◆ Exercise ◆
Could you please output all of the data exactly, without the images?

Exercise materials below:

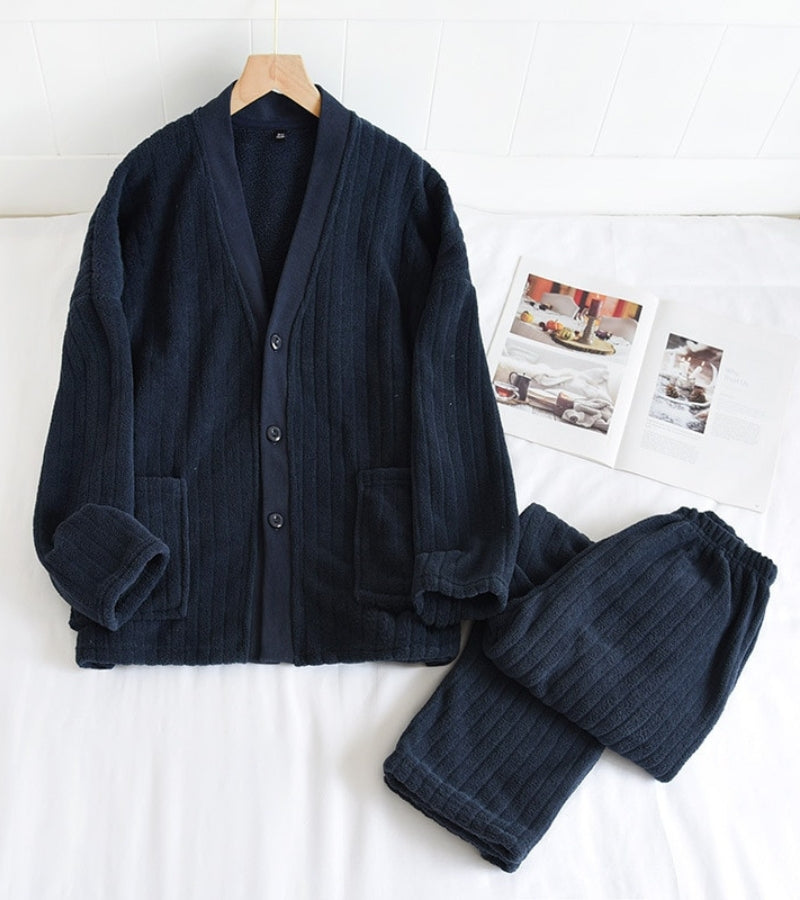 La partie supérieure possède un col en V qui apporte une touche de féminité décontractée à l’ensemble. Le haut de ce pyjama est également équipé d’une fermeture à boutons à l’avant.
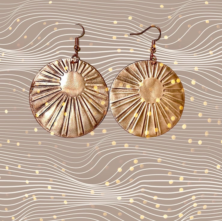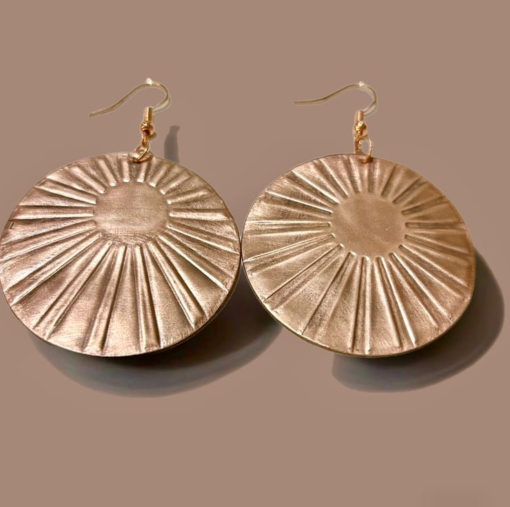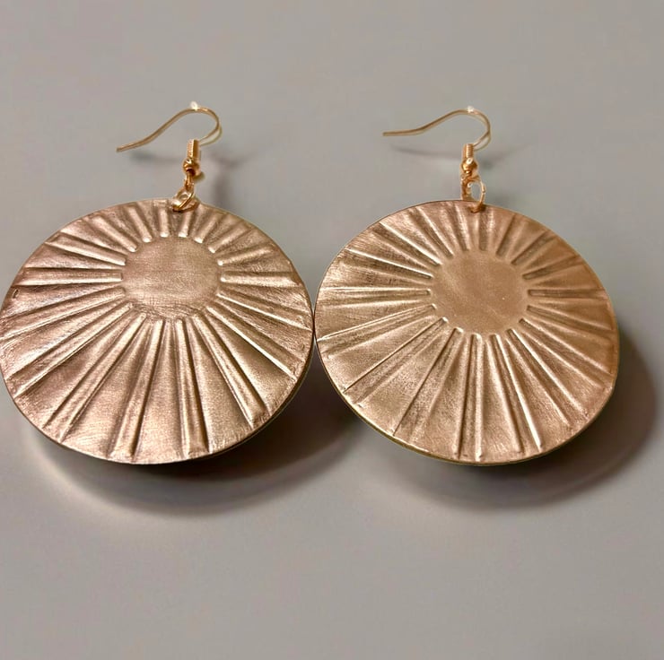 These beautiful earrings are vibrant and extremely eye catching. The oxidisation has been polished to highlight the embossed sun rays and will compliment any outfit. Drop is approx 1.5”.
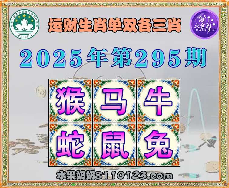 295期:〖运财生肖〗 🍁单双各三肖🍁【猴.马.牛.蛇.鼠.兔】开:牛05准
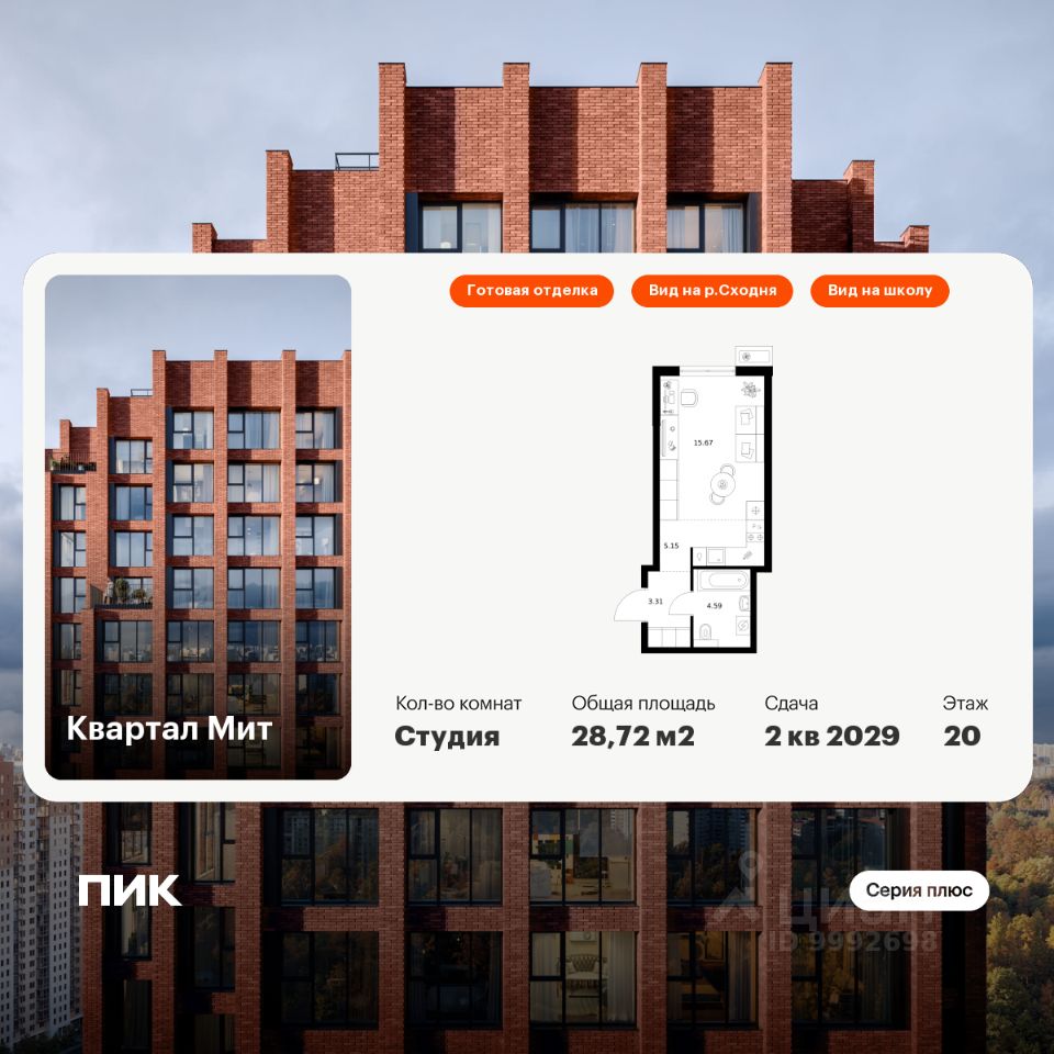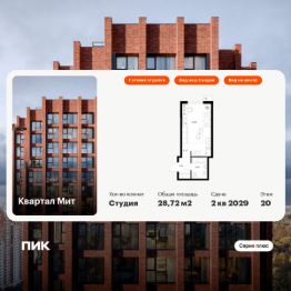 Новостройка! Продается 1-комн. кв-ра площадью 28,72 кв.м, (Корпус 3.4, Секция 4) 20 этаж 32-этажного дома в Квартал Мит от ПИК. "Квартал Мит" строится в экологически чистом районе Митино, где по соседству расположен большой лесопарк, а с двух сторон протекают реки Сходня и Журавка. Для семей с детьми здесь появится школа и два детских сада.
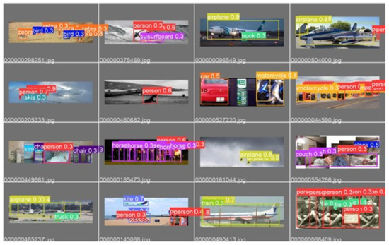 Some examples of the images included in COCO are displayed in Figure 15 and Figure 16. Both figures display the same group of samples. Figure 15 shows the ground truth bounding boxes with corresponding classes of the objects, and Figure 16 shows the predicted bounding boxes with their classes and the level of confidence. Almost all objects were detected within an image, despite their compact density and the complexity of the image, with minor false negatives and false positives. The confidence of detection was higher when objects were not occluded and distinct.

End of Exercise materials.

◆ Exercise response ◆
 La partie supérieure possède un col en V qui apporte une touche de féminité décontractée à l’ensemble. Le haut de ce pyjama est également équipé d’une fermeture à boutons à l’avant.
 These beautiful earrings are vibrant and extremely eye catching. The oxidisation has been polished to highlight the embossed sun rays and will compliment any outfit. Drop is approx 1.5”.
 295期:〖运财生肖〗 🍁单双各三肖🍁【猴.马.牛.蛇.鼠.兔】开:牛05准
 Новостройка! Продается 1-комн. кв-ра площадью 28,72 кв.м, (Корпус 3.4, Секция 4) 20 этаж 32-этажного дома в Квартал Мит от ПИК. "Квартал Мит" строится в экологически чистом районе Митино, где по соседству расположен большой лесопарк, а с двух сторон протекают реки Сходня и Журавка. Для семей с детьми здесь появится школа и два детских сада.
 Some examples of the images included in COCO are displayed in Figure 15 and Figure 16. Both figures display the same group of samples. Figure 15 shows the ground truth bounding boxes with corresponding classes of the objects, and Figure 16 shows the predicted bounding boxes with their classes and the level of confidence. Almost all objects were detected within an image, despite their compact density and the complexity of the image, with minor false negatives and false positives. The confidence of detection was higher when objects were not occluded and distinct.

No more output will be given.